Despite the low return and forbidding odds, ‘utility’ gives a rational explanation for buying tickets. In exchange for £1, you will get back 50p on average anyway, and the other 50p buys you the right to dream about your future luxurious lifestyle, your philanthropy, and the possible envy of people like me who assured you it was a waste of money. These rights surely have some utility.
We shall assume that future lottery draws are independent of past results – an inanimate rubber sphere cannot ‘remember’ whether it is ‘due’ to be chosen.
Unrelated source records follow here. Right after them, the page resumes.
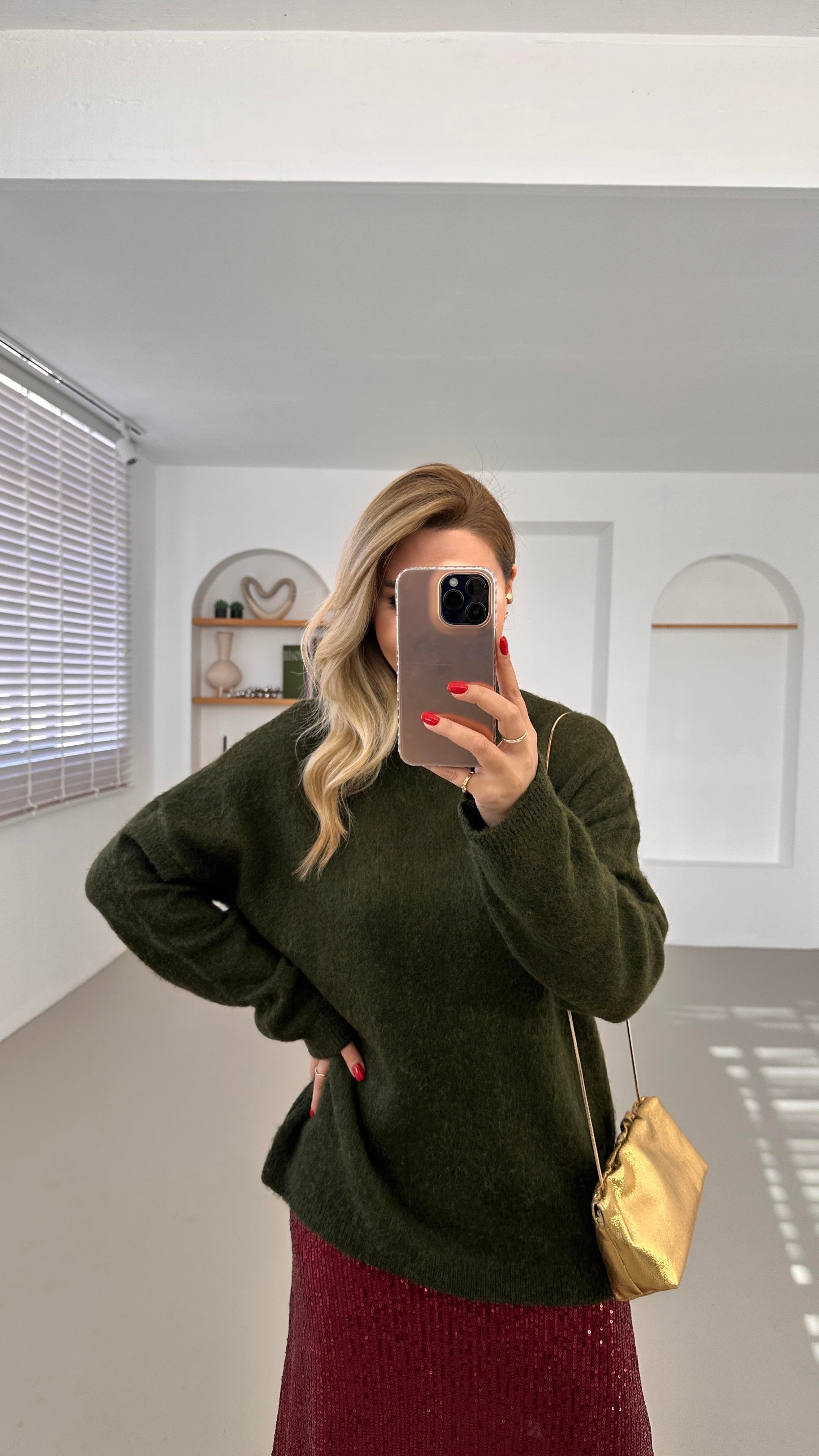 Premium Seri Bisiklet Yaka Oversize Haki Yumoş Kazak (KZK-0115-HAKİ)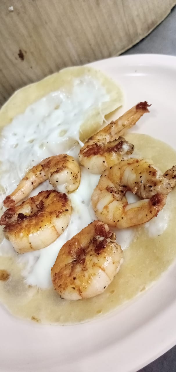 Tortilla de harina con queso Oaxaca, camarones marinados con mantequilla en la plancha, cebolla y repollo.
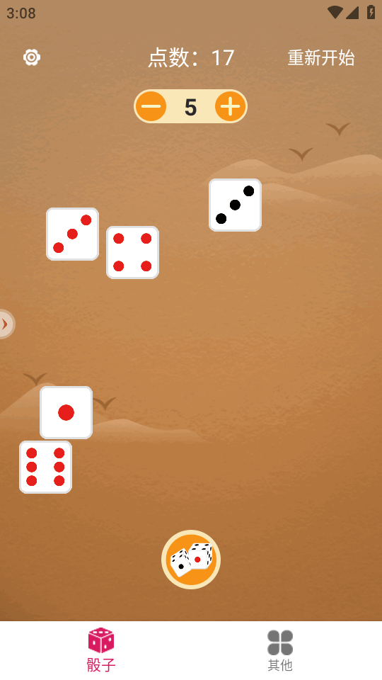 2、进入软件就是摇骰子画面,点上方的+-可以选择骰子的数量。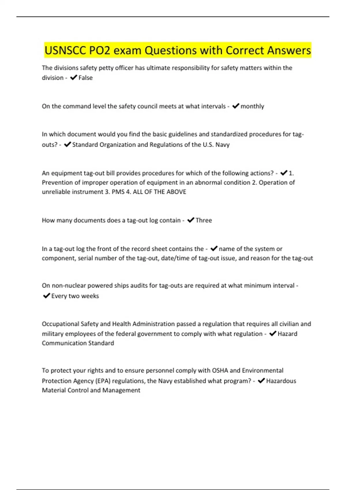 usnscc po2 exam questions with correct answers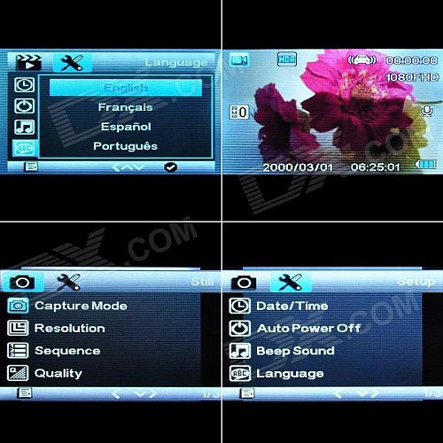 Video Resolution 1080FHD 1920 x 1080 / 720P 1280 x 720 / WVGA 848 x 480 / VGA 640 x 480
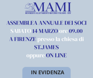 Con la presente, l sottoscritto/a ____ socio di MAMI – Movimento Allattamento Materno Italiano – delega l Sig. ____ ___ a rappresentare e votare in sua vece all’assemblea ordinaria dei soci convocata per il giorno sabato 14 marzo 2026.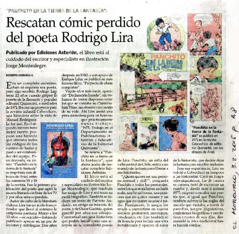 Rescatan cómic perdido del poeta Rodrigo Lira [artículo] Roberto Careaga C.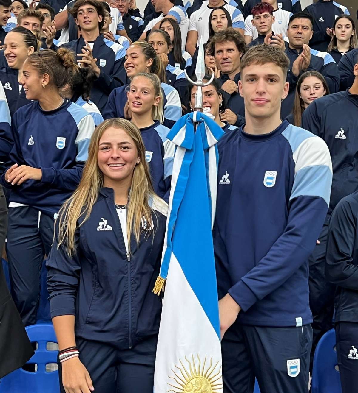Durante la ceremonia, recibieron la bandera argentina la tenista Luciana Moyano (16 años, de Marcos Juárez, Córdoba) y el jugador del seleccionado argentino de básquetbol 3×3 Nicolás Chiaraviglio (18 años, de Sunchales, Santa Fe).

Short of cheating, there is no way of changing the chance of winning a prize. But you can influence the size of any prize, in those lotteries where a fixed proportion of the prize fund is shared out among the winners at each tier. There is an opportunity to exercise a little skill.
It arises because certain numbers, typically low (birth dates) and odd, are chosen more often than others, and because many lottery players spread their choices evenly over the ticket, perhaps in the mistaken belief that doing so means that they are selecting ‘at random’. In consequence, combinations with several high numbers, or with numbers clustered together, or on the edge, are chosen less often. If you can identify the sort of choices other players are making, and do something different , your winning chance is not affected, but if you do win, you will win more than average.
Beware of trying to be too crafty, like selecting {1, 2, 3, 4, 5, 6}, or the winning numbers in the last draw, on the grounds that ‘Nobody else will think of that’. They will. When the UK Lottery began, about 10,000 people were choosing the first six numbers. In September 2009, the winning numbers were identical in two successive draws in the Bulgarian Lottery: no-one chose them the first time, but 18 did so the second time.
Provided that other players continue to mark their tickets much as they have in the past, the following procedure, for UK-type 6/49 lotteries, will help you. Take an ordinary deck of 52 playing cards and discard three of them. Identify the remaining cards with the numbers 1 to 49, shuffle well, and select six cards. This is a way of choosing six numbers completely at random. Human beings cannot make such a selection unaided, they need this sort of auxiliary help.
And use these six numbers, provided that
(a) they total at least 177 (to give a bias to high numbers), and
(b) when marked on the ticket, they fall into two, three, four, or five clusters, and
(c) three, four, or five of them are on the outside border of the ticket, and
(d) they do not form any obvious pattern on the ticket.
If any of these conditions fail, return the six cards to the pack, shuffie it thoroughly, and repeat this sequence.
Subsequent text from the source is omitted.